O Reino Unido vai começar a enriquecer a farinha do pão com ácido fólico, numa tentativa de reduzir os graves defeitos congénitos que afetam cerca dois recém-nascidos por semana. Durante décadas, os médicos têm apelado para que o Reino Unido siga o exemplo de outros países, cerca de 80 no total, incluindo os Estados Unidos, e comece a adicionar ácido fólico para impedir defeitos de desenvolvimento como a espinha bífida, revela o jornal The Independent.

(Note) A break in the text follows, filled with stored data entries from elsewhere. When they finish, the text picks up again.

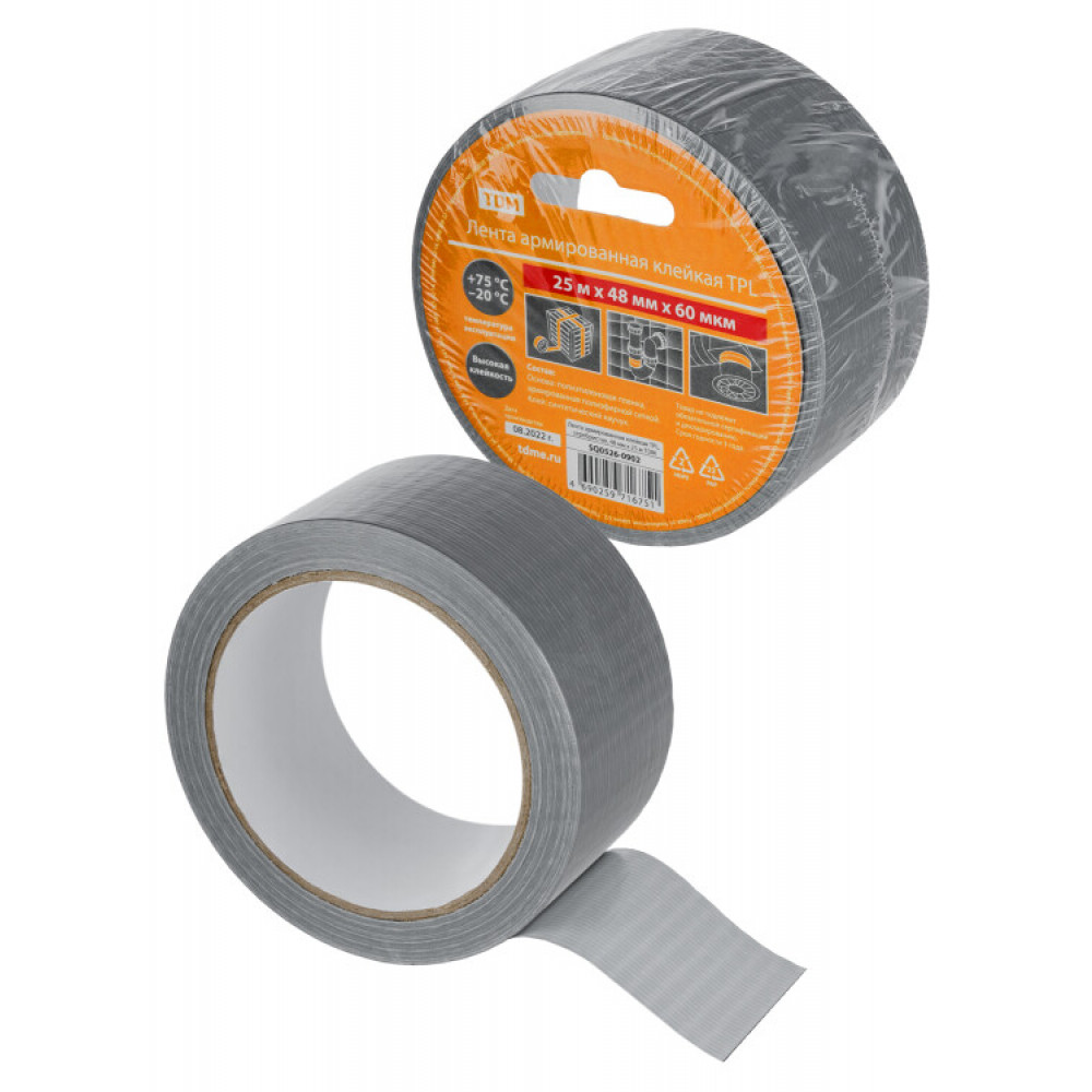 Лента армированная клейкая TPL, серебристая, 48 мм х 25 м SQ0526-0902, Монтажная и крепежная лента, скоба
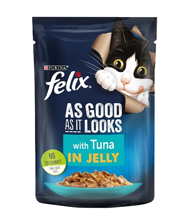 - ^ Felix As Good As It Looks Adult Wet Cat Food Tuna in Jelly 20 x 100g Pouches ^ 100% of your cat?s daily needs in one easy serving ^ Vitamins D & E help keep your cat supported with the right nutrients included ^ Sources of Omega 6 packed in our delicious recipes ensure your cat is supported as he grows ^ Vets and nutritionists have specially developed our recipe to make sure it’s as good as it looks ^ 100g (20 Pouches)
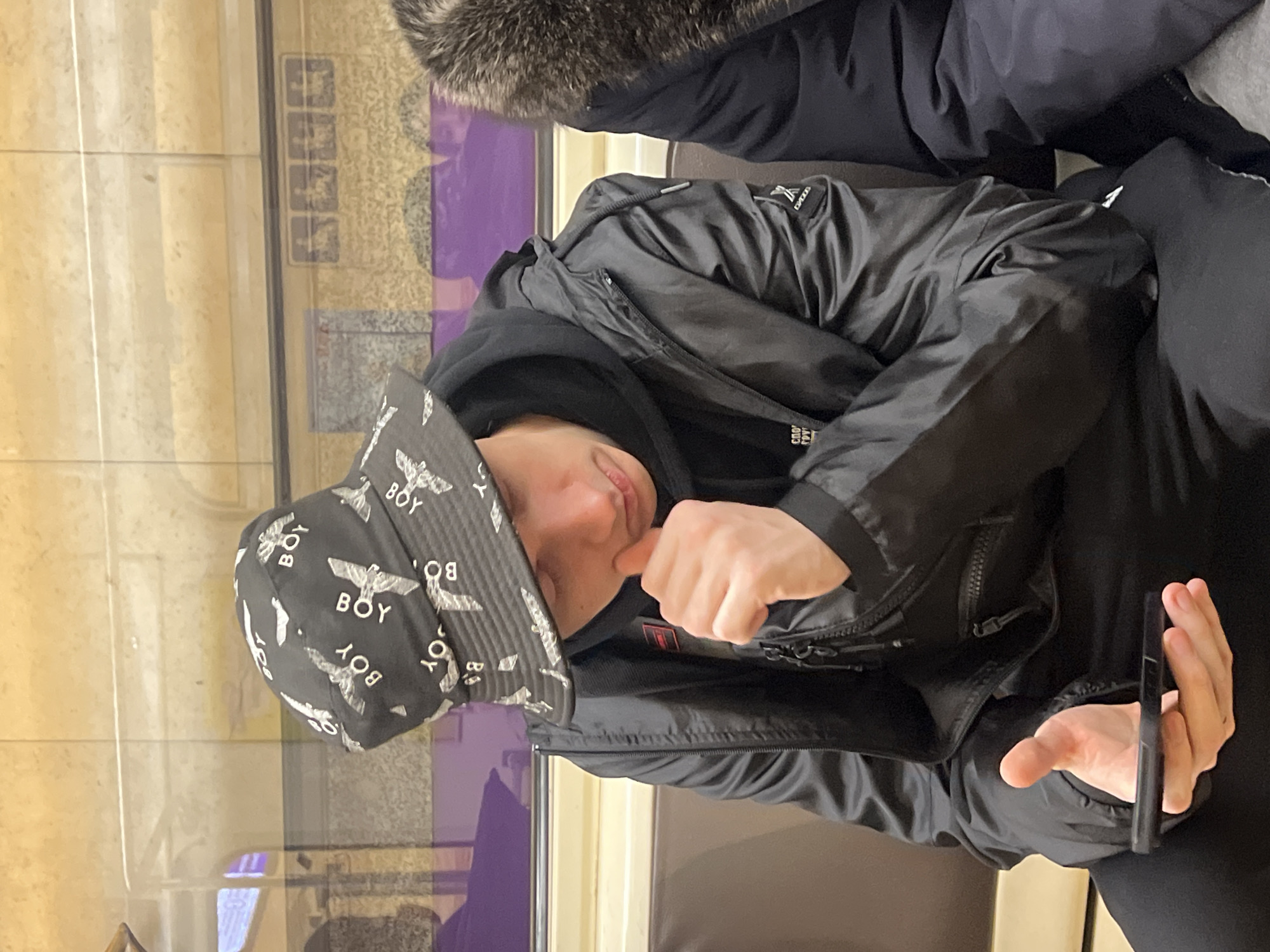 The scene depicts two individuals seated inside a subway car, consistent with the Saint Petersburg Metro system, at or near Shushary station, Russia. The primary subject, a young male, is seated on the left, facing generally forward but looking down at a dark-colored smartphone held in his left hand. His right hand is raised to his jawline. He is wearing a black bucket hat adorned with white "BOY" lettering and stylized bird/aircraft symbols, a black hooded sweatshirt beneath a black zip-up jacket featuring a small red patch on the left chest and a white logo on the right sleeve. His pants are dark. To his right, a second individual is partially visible, wearing a dark jacket with a prominent, shaggy brown and grey fur-lined hood. Both are seated on a light brown vinyl bench seat. Behind them, through a glass partition, a speckled beige/light brown wall, characteristic of a subway station platform, is visible, interspersed with purple reflections. The environment is artificially lit.

As mulheres grávidas e as que tentam engravidar já são aconselhadas a tomar diariamente 400 microgramas deste suplemento considerado essencial para o desenvolvimento do cérebro e do tubo neural. No entanto, este estágio crucial do desenvolvimento fetal ocorre nas primeiras 12 semanas da gravidez e algumas mães só percebem que estão grávidas posteriormente, o que será demasiado tarde para corrigir deficiências.

Os especialistas afirmam que o Reino Unido tem uma das taxas mais elevadas de defeitos do tubo neural na Europa e que o enriquecimento da farinha com ácido fólico poderia resolver o problema. Um estudo recente sugeriu que duas gravidezes são terminadas todos os dias no Reino Unido em consequência dos defeitos do tubo neural.

O jornal The Guardian adiantou que a primeira-ministra Theresa May apoia este plano para adicionar um suplemento de ácido fólico aos alimentos e assim tentar combater o problema. O The Royal College of Midwives, que representa as parteiras britânicas, apelou ao governo para introduzir a fortificação obrigatória “o mais rapidamente possível”, considerando que “ajudaria significativamente a reduzir o número de anomalias fetais relacionadas com deficiências de ácido fólico”.